- Theatrical release poster
- Directed by: Aditya Gumay
- Produced by: Olga Syahputra
- Starring: Olga Syahputra Nikita Mirzani Ferry Irawan Angie Bobby Tience Tarra Budiman Chand Kelvin Jony Billy
- Distributed by: Wasita Film
- Release date: November 7, 2013;
- Running time: 90 minutes
- Country: Indonesia
- Language: Indonesian

= Taman Lawang =

Taman Lawang (lit. Lawang Park) is an Indonesian comedy-horror movie about transvestites in Lawang Park who are forced to prostitute to make ends meet. The film was released on 7 November 2013, starring Olga Syahputra and Nikita Mirzani. The film was directed by Aditya Gumai with Asye Berti Saulina as its executive producer.

Chand Kelvin was one of the actors who portrayed a transvestite in the movie. He wanted to show the other side of a transvestite: "It's a new experience, being a transvestite. However, that's just acting. Usually there is a judgment among the community that transvestites are scums of society. Only the movie 'Lawang Park' shows a different angle, namely how difficult it is to earn money. So I thought, transvestites should not be looked down upon".

==Plot==
The story is of a reliable young journalist named Angie (Angie Virgin) who is challenged to investigate mysterious events in Lawang Park. The event begins with the death of a transvestite, named Ningrum (Bobby Tience). Ningrum was killed while trying to escape a raid. He fled with his best friend, Cynthia (Olga Syahputra). After Ningrum's death, Cynthia began to experience strange events and occurrences and becomes a terror victim.

Cynthia feels Ningrum is angry because he could not help her when she falls into a river, and in the end, she dies.
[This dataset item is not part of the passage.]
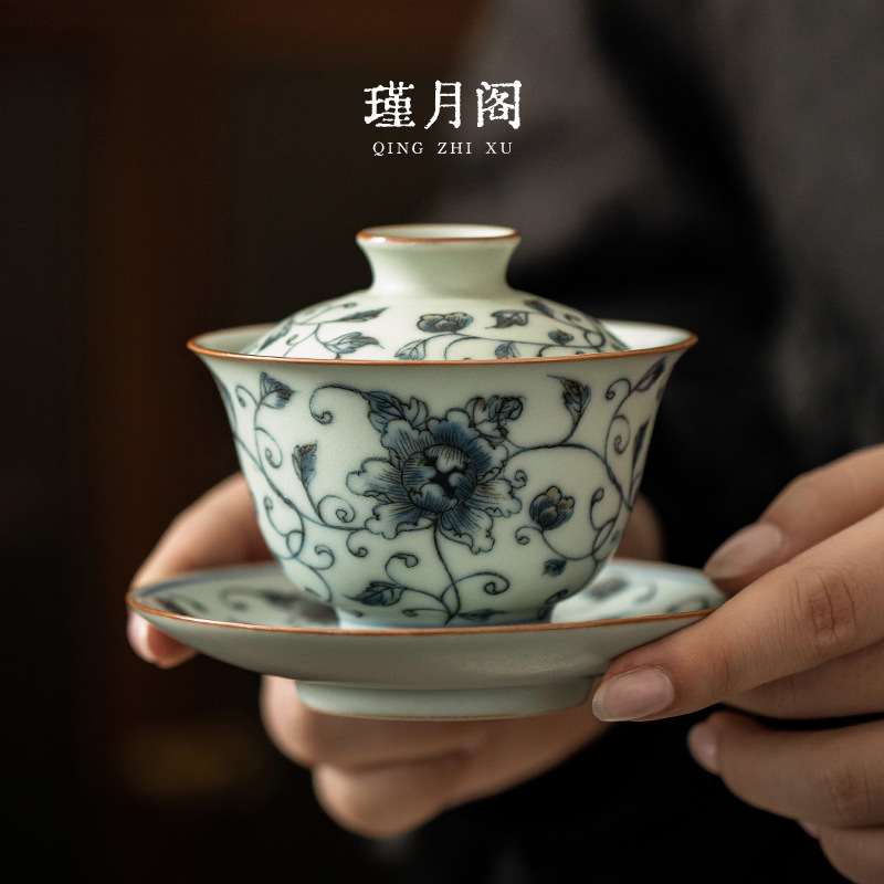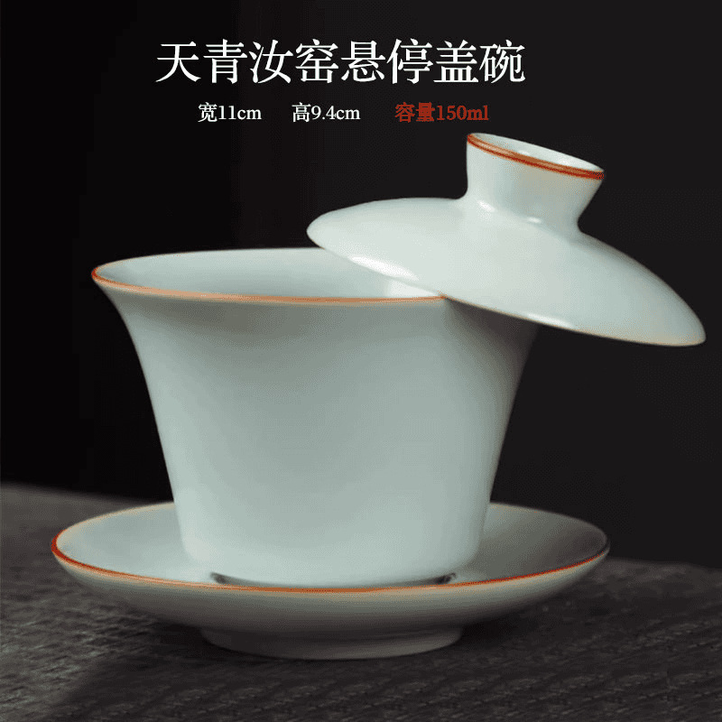 米黄汝窯青花磁器三才蓋碗中国式レトロ釉薬里紅家庭用主人杯壺承功夫茶コップ

Reportedly, the figures of Ningrum and Cynthia often wander, and Angie continues to be haunted by their ghosts.

==Cast==
- Olga Syahputra as well as the protagonist named Cynthia and Producer.
- Nikita Mirzani
- Bobby Tience
- Ferry Irawan
- Angie Virgin
- Tarra Budiman
- Chand Kelvin
- Jony Billy
- Trans women of Lawang Park as cameo.